- _Instructions to follow_: Output exactly, in the material below, the lines from the one with "für 2 Trompeten" through the one with "Vibrant wind turbine". Omit all pictures.
Top of Exercise material
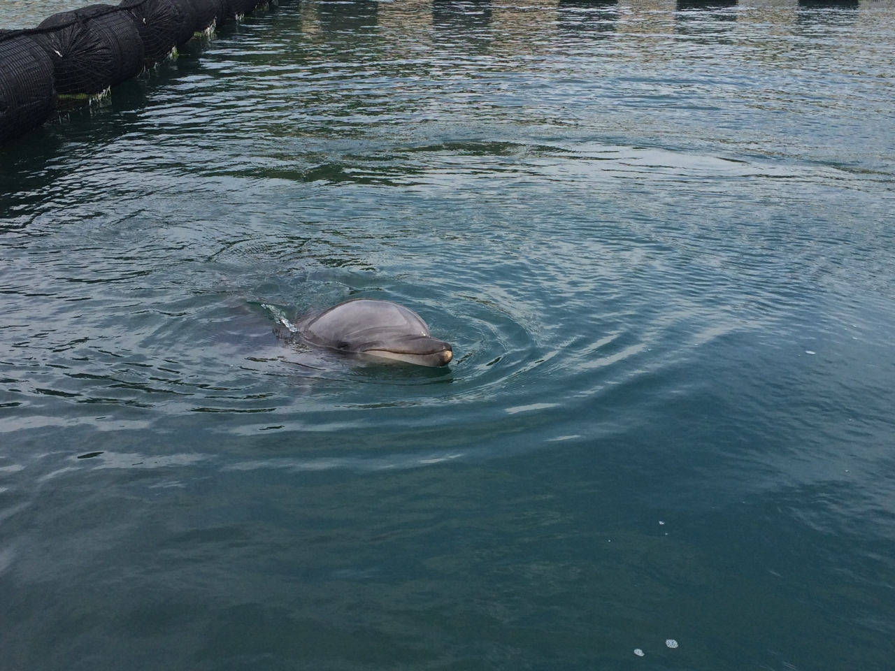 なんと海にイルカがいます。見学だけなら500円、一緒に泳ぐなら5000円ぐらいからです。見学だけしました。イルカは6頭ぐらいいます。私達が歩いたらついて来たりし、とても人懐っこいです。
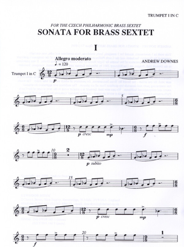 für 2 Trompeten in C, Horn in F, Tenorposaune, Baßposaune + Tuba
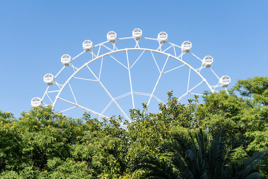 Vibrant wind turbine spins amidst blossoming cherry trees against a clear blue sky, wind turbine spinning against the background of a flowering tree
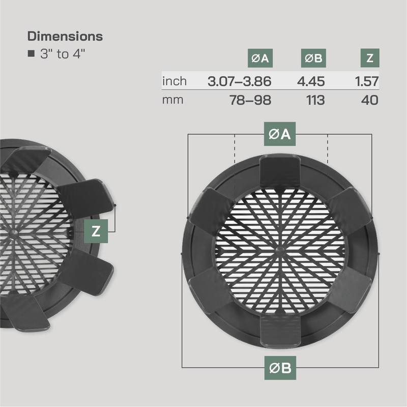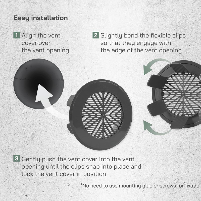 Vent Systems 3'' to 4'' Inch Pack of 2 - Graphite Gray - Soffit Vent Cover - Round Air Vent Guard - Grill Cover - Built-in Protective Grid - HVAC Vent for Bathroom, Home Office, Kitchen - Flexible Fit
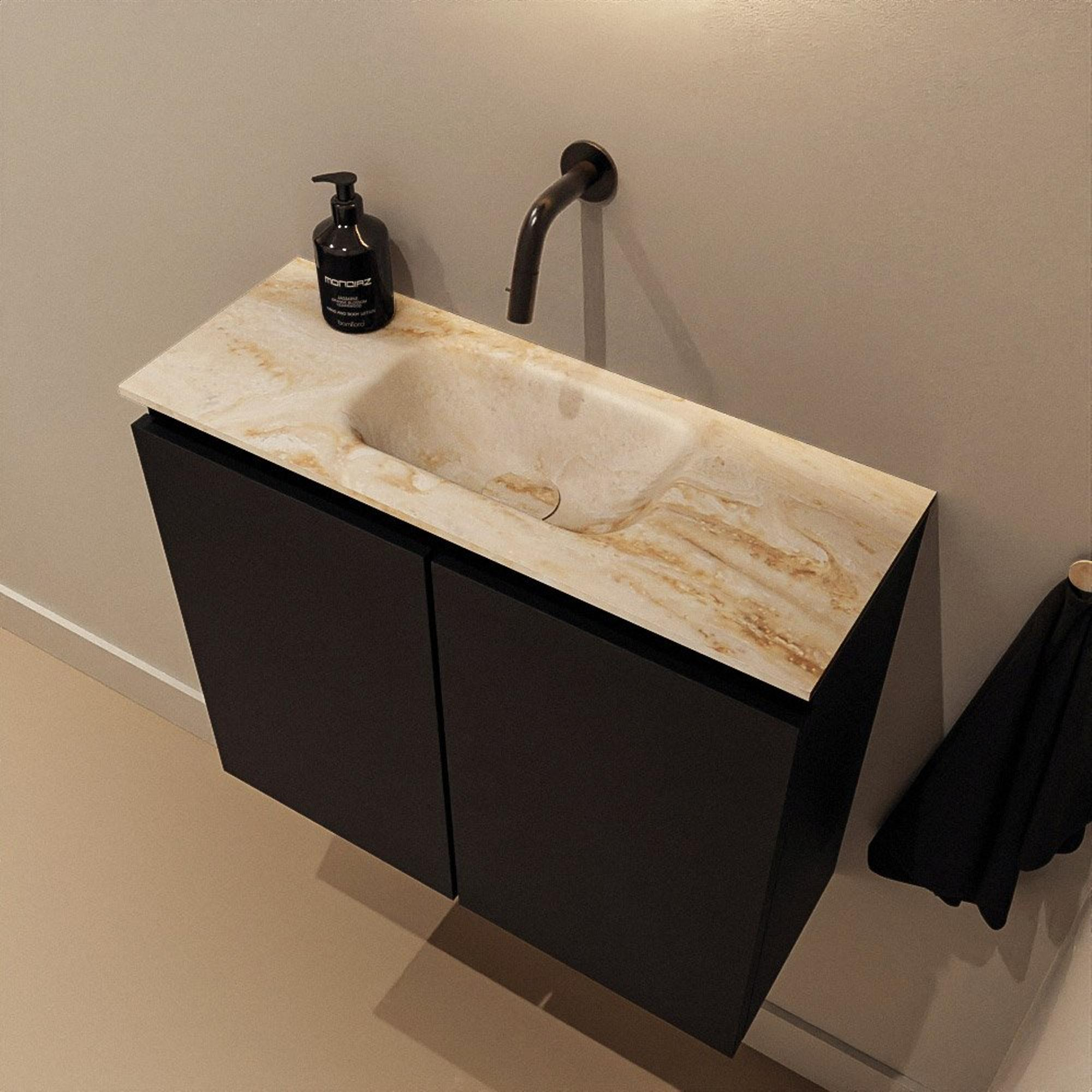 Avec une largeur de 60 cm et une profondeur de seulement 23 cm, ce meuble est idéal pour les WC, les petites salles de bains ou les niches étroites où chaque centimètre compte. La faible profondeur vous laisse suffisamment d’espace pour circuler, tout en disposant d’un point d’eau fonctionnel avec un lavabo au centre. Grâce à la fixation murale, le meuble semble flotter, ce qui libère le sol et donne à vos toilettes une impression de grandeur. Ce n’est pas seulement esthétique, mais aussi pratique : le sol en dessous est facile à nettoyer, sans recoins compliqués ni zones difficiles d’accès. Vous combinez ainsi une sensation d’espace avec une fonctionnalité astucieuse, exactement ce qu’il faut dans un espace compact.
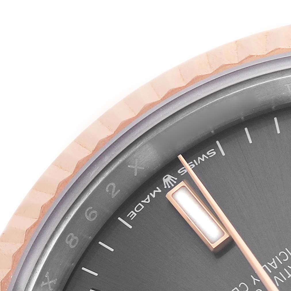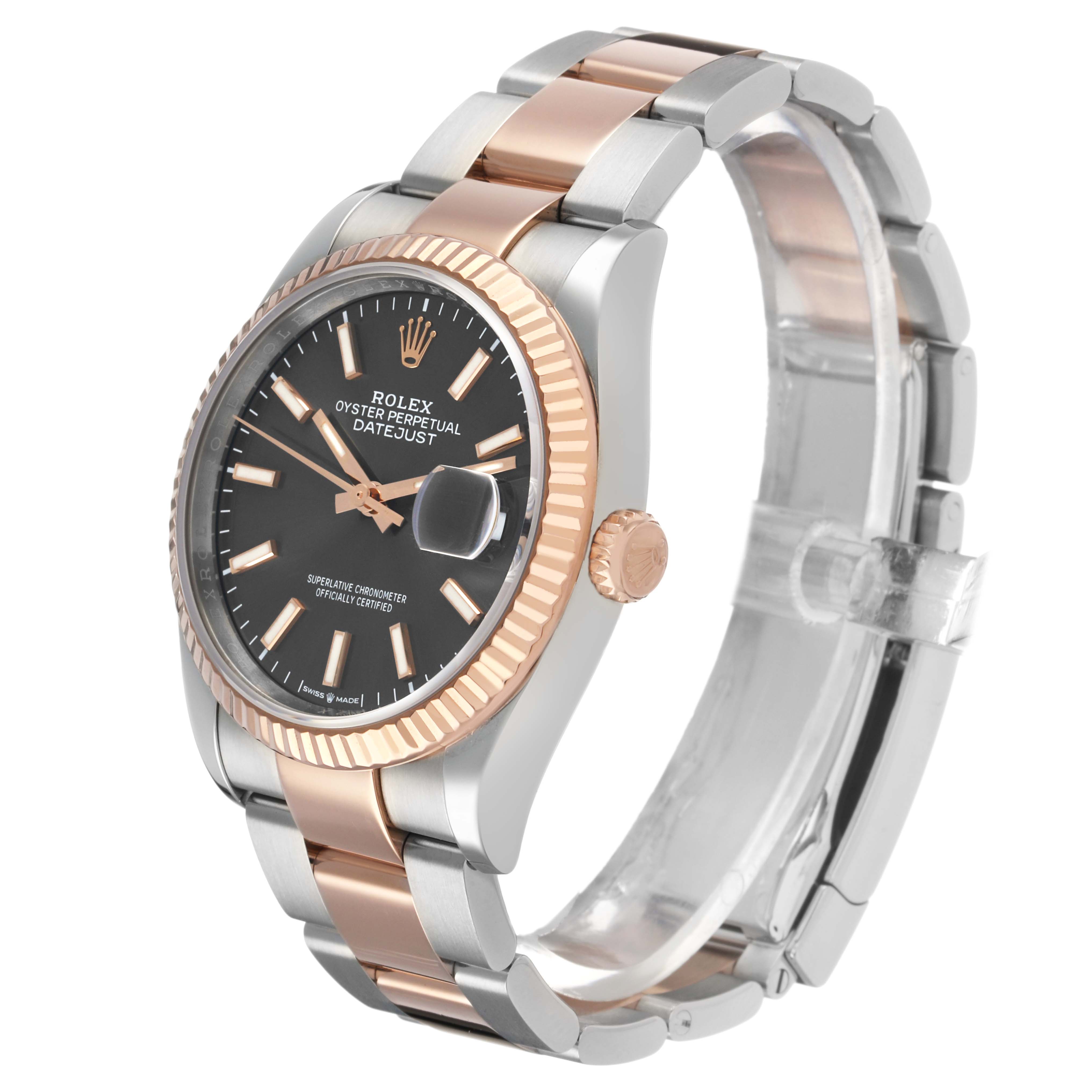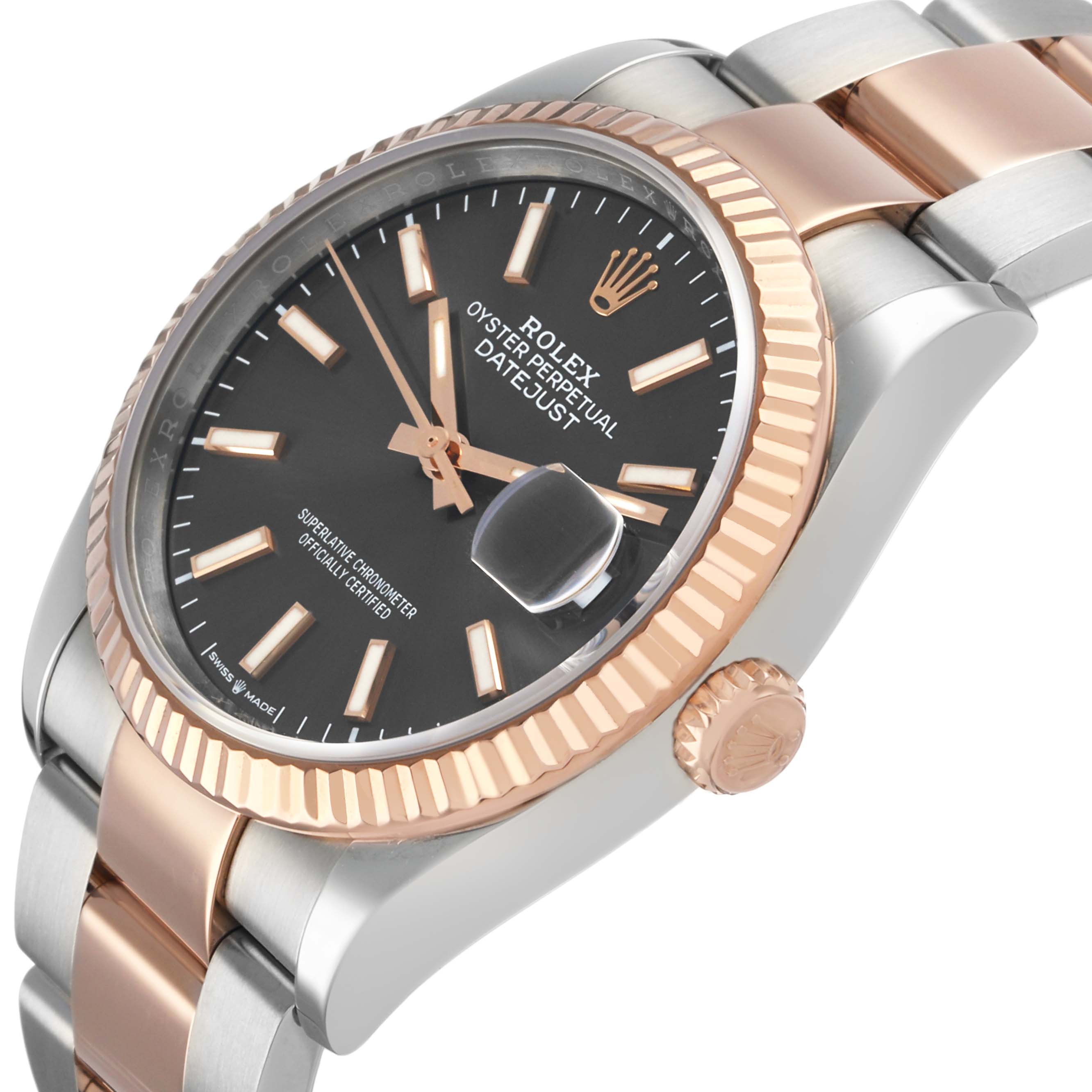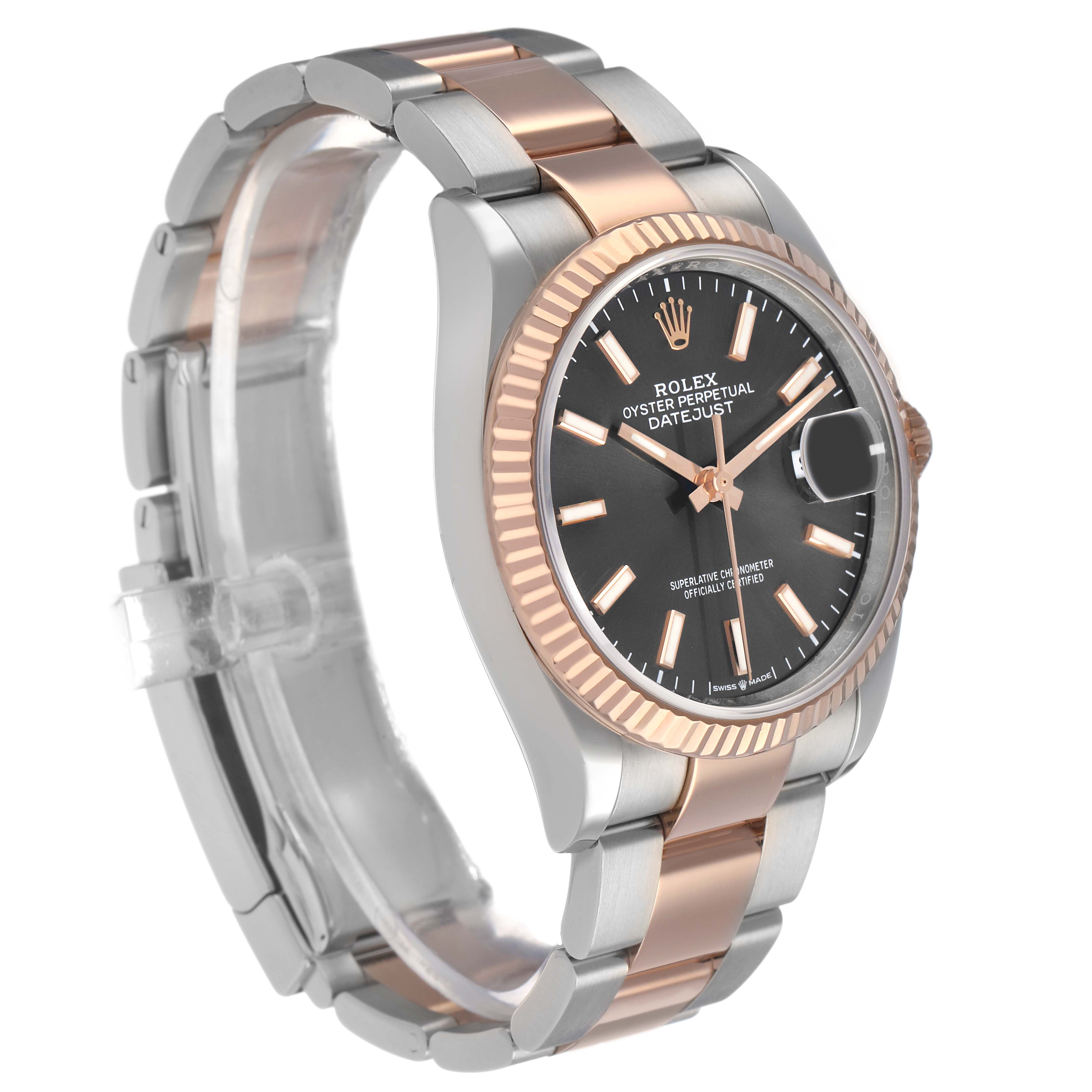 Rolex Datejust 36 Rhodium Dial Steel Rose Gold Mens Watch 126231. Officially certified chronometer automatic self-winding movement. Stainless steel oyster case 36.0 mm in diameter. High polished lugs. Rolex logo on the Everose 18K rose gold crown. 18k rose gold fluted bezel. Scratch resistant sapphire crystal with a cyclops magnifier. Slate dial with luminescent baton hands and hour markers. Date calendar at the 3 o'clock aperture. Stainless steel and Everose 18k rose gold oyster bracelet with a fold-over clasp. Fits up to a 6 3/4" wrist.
Bottom of Exercise material
- _Output below_:
 für 2 Trompeten in C, Horn in F, Tenorposaune, Baßposaune + Tuba
 Vibrant wind turbine spins amidst blossoming cherry trees against a clear blue sky, wind turbine spinning against the background of a flowering tree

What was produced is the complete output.